### How to complete this task
Both the line with "多元物产的集聚效应:此外,展" and the line with "จุดเกิดเหตุบริเวณวงเวียนอนุสาวรีย์รัชกาลที่ 1 อ.เมือง" in the records below must appear in the output, along with every line between them, exactly and with nothing added.

### Information shown
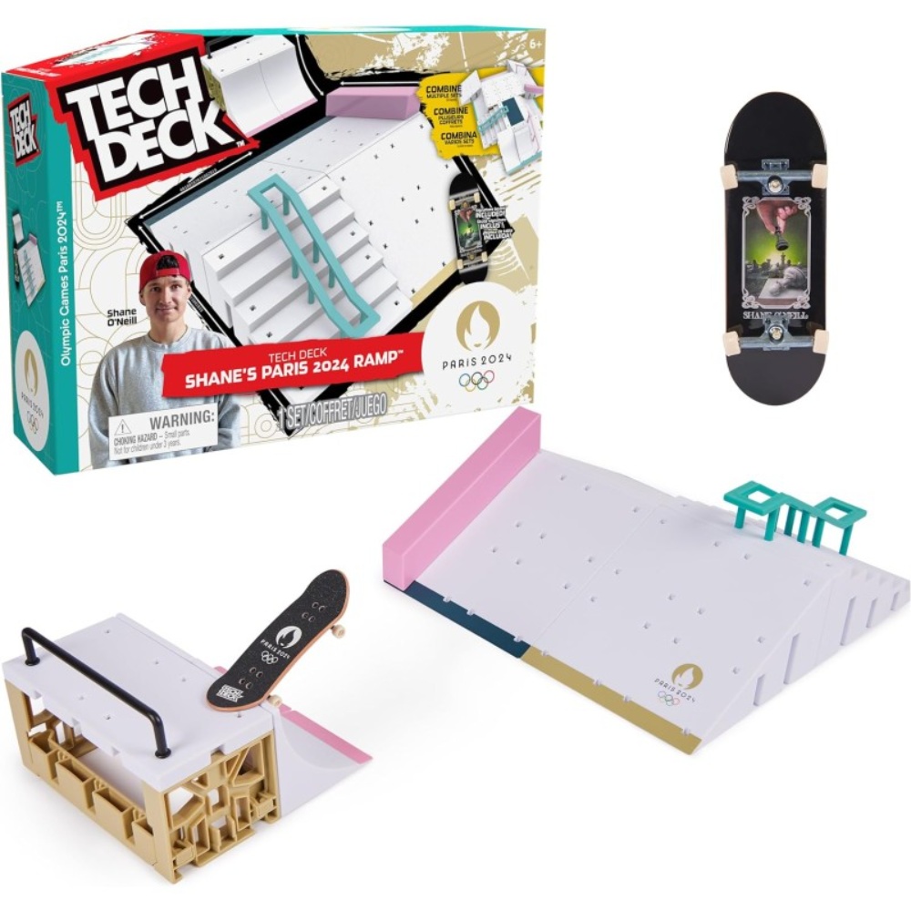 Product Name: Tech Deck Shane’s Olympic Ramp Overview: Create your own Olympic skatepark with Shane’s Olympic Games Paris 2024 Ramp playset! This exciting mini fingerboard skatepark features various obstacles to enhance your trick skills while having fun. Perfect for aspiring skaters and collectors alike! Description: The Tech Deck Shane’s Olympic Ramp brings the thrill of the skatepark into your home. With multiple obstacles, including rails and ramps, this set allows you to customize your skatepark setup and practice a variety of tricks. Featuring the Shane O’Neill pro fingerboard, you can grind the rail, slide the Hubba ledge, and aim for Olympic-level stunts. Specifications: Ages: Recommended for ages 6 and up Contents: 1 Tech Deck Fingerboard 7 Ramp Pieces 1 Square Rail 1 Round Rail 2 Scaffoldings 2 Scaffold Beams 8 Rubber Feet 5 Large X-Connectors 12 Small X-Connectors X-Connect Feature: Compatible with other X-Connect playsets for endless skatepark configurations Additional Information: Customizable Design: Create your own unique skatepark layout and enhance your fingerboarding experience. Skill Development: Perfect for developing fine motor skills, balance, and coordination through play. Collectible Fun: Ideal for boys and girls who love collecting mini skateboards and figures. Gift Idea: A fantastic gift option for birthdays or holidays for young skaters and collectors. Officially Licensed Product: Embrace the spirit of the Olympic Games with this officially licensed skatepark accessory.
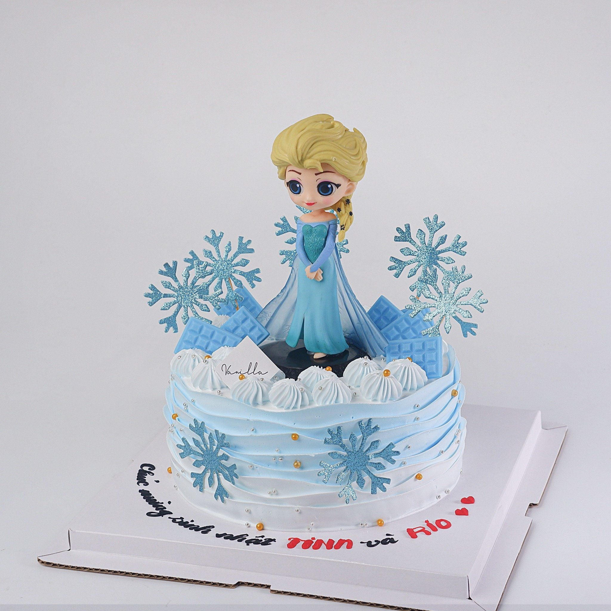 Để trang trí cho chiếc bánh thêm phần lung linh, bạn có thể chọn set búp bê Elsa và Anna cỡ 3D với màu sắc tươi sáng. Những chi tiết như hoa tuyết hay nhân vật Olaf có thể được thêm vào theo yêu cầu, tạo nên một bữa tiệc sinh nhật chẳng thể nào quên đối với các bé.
* * *
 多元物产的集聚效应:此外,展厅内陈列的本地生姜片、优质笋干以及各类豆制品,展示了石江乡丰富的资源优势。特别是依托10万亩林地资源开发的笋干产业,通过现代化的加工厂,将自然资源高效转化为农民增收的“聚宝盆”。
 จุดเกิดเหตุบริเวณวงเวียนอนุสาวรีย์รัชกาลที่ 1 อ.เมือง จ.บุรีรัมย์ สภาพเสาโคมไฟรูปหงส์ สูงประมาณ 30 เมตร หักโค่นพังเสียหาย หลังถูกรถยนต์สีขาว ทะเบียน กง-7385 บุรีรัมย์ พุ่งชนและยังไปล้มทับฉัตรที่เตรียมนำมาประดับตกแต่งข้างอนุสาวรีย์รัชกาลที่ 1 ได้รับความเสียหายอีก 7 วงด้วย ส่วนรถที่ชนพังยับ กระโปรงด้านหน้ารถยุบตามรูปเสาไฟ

### Written solution
 多元物产的集聚效应:此外,展厅内陈列的本地生姜片、优质笋干以及各类豆制品,展示了石江乡丰富的资源优势。特别是依托10万亩林地资源开发的笋干产业,通过现代化的加工厂,将自然资源高效转化为农民增收的“聚宝盆”。
 จุดเกิดเหตุบริเวณวงเวียนอนุสาวรีย์รัชกาลที่ 1 อ.เมือง จ.บุรีรัมย์ สภาพเสาโคมไฟรูปหงส์ สูงประมาณ 30 เมตร หักโค่นพังเสียหาย หลังถูกรถยนต์สีขาว ทะเบียน กง-7385 บุรีรัมย์ พุ่งชนและยังไปล้มทับฉัตรที่เตรียมนำมาประดับตกแต่งข้างอนุสาวรีย์รัชกาลที่ 1 ได้รับความเสียหายอีก 7 วงด้วย ส่วนรถที่ชนพังยับ กระโปรงด้านหน้ารถยุบตามรูปเสาไฟ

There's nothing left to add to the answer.